* [Directions for this task]: Images are to be excluded from the copy, and the records below reproduced word for word.

Data extracted from a collection
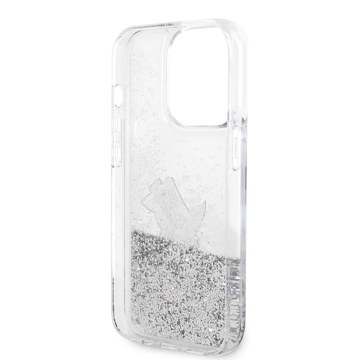 Apple iPhone 14 Pro Kılıf Karl Lagerfeld Sıvılı Simli Choupette Dizayn Kapak Gümüş
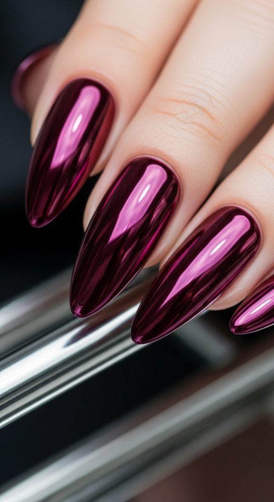 For a futuristic yet elegant twist, burgundy chrome nails are a showstopper. Chrome powders give nails a reflective, metallic sheen that instantly elevates the manicure to luxury status. Burgundy chrome works exceptionally well on medium to long nails and makes a bold statement without being flashy.
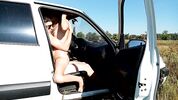 Поездка стала намного веселее, когда к нему в машину подсела симпатичная русская попутчица. Он и не просил об оплате проезда, но деваха сама оказалась озабоченной. Предложила остановиться на природе и потрахаться. Чувак ебет девку стоя, после чего она седлает его член в машине и получает сильный оргазм!
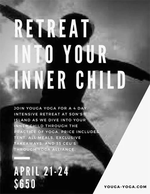 Join us over four daysof enriching programming, wholesome food, and great community all on our own island. We will tap into our inner child and deprogram ourselves from hindering conditioning. Live outside the box for four thrilling days. *All meals, tents, sleeping mattresses, and special take-a-ways included in the price. All will earn 35 CEUs recognized through Yoga Alliance.
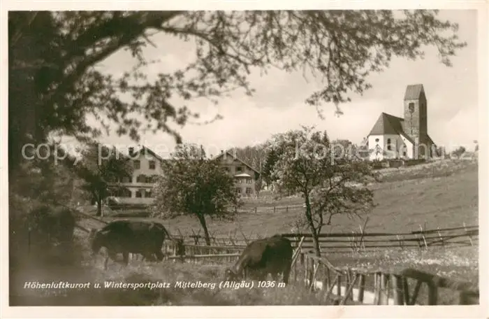 Mittelberg_Oy Viehweide Kuehe Blick zur Kirche Mittelberg Oy postalisch gelaufen 1941 Erhaltung siehe scans [FriedD77] Frierer

* [Response]:
 Apple iPhone 14 Pro Kılıf Karl Lagerfeld Sıvılı Simli Choupette Dizayn Kapak Gümüş
 For a futuristic yet elegant twist, burgundy chrome nails are a showstopper. Chrome powders give nails a reflective, metallic sheen that instantly elevates the manicure to luxury status. Burgundy chrome works exceptionally well on medium to long nails and makes a bold statement without being flashy.
 Поездка стала намного веселее, когда к нему в машину подсела симпатичная русская попутчица. Он и не просил об оплате проезда, но деваха сама оказалась озабоченной. Предложила остановиться на природе и потрахаться. Чувак ебет девку стоя, после чего она седлает его член в машине и получает сильный оргазм!
 Join us over four daysof enriching programming, wholesome food, and great community all on our own island. We will tap into our inner child and deprogram ourselves from hindering conditioning. Live outside the box for four thrilling days. *All meals, tents, sleeping mattresses, and special take-a-ways included in the price. All will earn 35 CEUs recognized through Yoga Alliance.
 Mittelberg_Oy Viehweide Kuehe Blick zur Kirche Mittelberg Oy postalisch gelaufen 1941 Erhaltung siehe scans [FriedD77] Frierer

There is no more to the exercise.